Upholding Europe’s Legacy: From Chandigarh’s City Furniture to ‘Pierre Jeanneret’s Chairs’
Le Corbusier Centre, Chandigarh. Image courtesy: Wikicommons.
Parni Ray
09.10.2020
In 2004, Sotheby’s sold a lineup of furniture from the city of Chandigarh. They attributed them to the Swiss-French designer Pierre Jeanneret.
Three years later Christie’s, the other most powerful auction house in the world, presented a similar collection. Made exclusively for the city, a majority of the objects in these presentations were unknown outside of Chandigarh.
Quickly, they became a hit with trendsetters across Europe and America.
Chandigarh, in the meantime, woke up to its loss. The extraction of the heritage items from the city spoke of grave negligence on the part of the Indian government. But it also revealed a chain of profit that linked city administrators, European antique dealers, and some of the most powerful cultural institutions in Europe and North America.
Extracting From a Handmade City
Manmohan Nath Sharma, one of the first architects to join the Chandigarh Capitol project in 1950, passed away at his home in Chandigarh on October 30, 2016. He was 93.
Ar. Sharma had known the city since the early days of its conception. He worked with Mathew Nowicki and Albert Mayer on its first masterplan, and then later with Le Corbusier as his first assistant.
In 1965, shortly after Pierre Jeanneret retired from his position as Chandigarh’s chief architect, Sharma became the first Indian to be appointed to the post.
Given this deep-rooted relationship with the city, it is perhaps not surprising that Ar. Sharma devoted much of his life to Chandigarh’s preservation. In his final years, he led the Save Chandigarh Campaign, which urged the Indian government to protect the city’s public property from being removed illegally. [i]
His concern about the disappearance of Chandigarh’s material heritage had escalated following the auction of several pieces of the city’s furniture, architectural sketches, manhole covers, and other infrastructural paraphernalia, in Europe and North America.

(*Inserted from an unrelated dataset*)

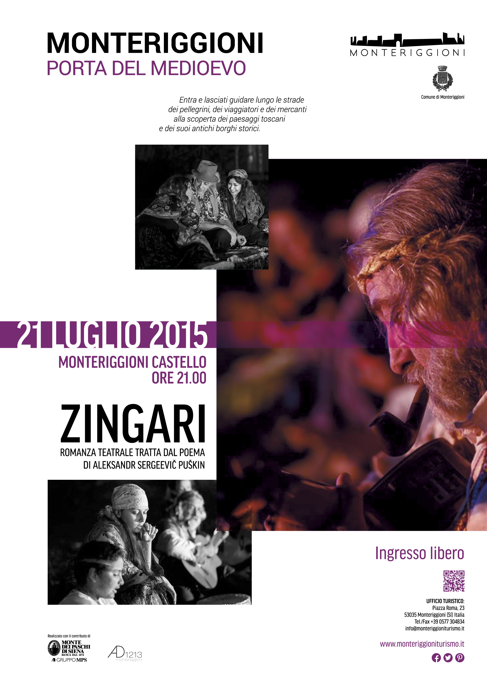 Il 21 luglio, al castello di Monteriggioni alle ore 21.00, si terrà lo spettacolo "Zingari", romanza teatrale tratta dal poema di Aleksandr Sergeevic Puskin.

The loss of these items – all property of the Indian government - would be irremediable, he pointed out.
‘This is a handmade city,’ he had told The Guardian in 2011, ‘It is unique. It can never be replaced.' [ii]
Crowning Glory of Modernism
The group of French vintage dealers who had extracted material from Chandigarh were more than aware of this distinction. Considered the crowning glory of Swiss-French architect Le Corbusier, a pioneer of modern architecture and the International Style, Chandigarh is as much a hit with traders of vintage modernist items as it is with connoisseurs of modern design.
Objects associated with Le Corbusier never go out of style among the Euro-American high-art circles; even bric-à-bracs from Chandigarh offer excellent returns. The French dealers were, however, not after knick-knacks; they had their eyes on the city’s furniture.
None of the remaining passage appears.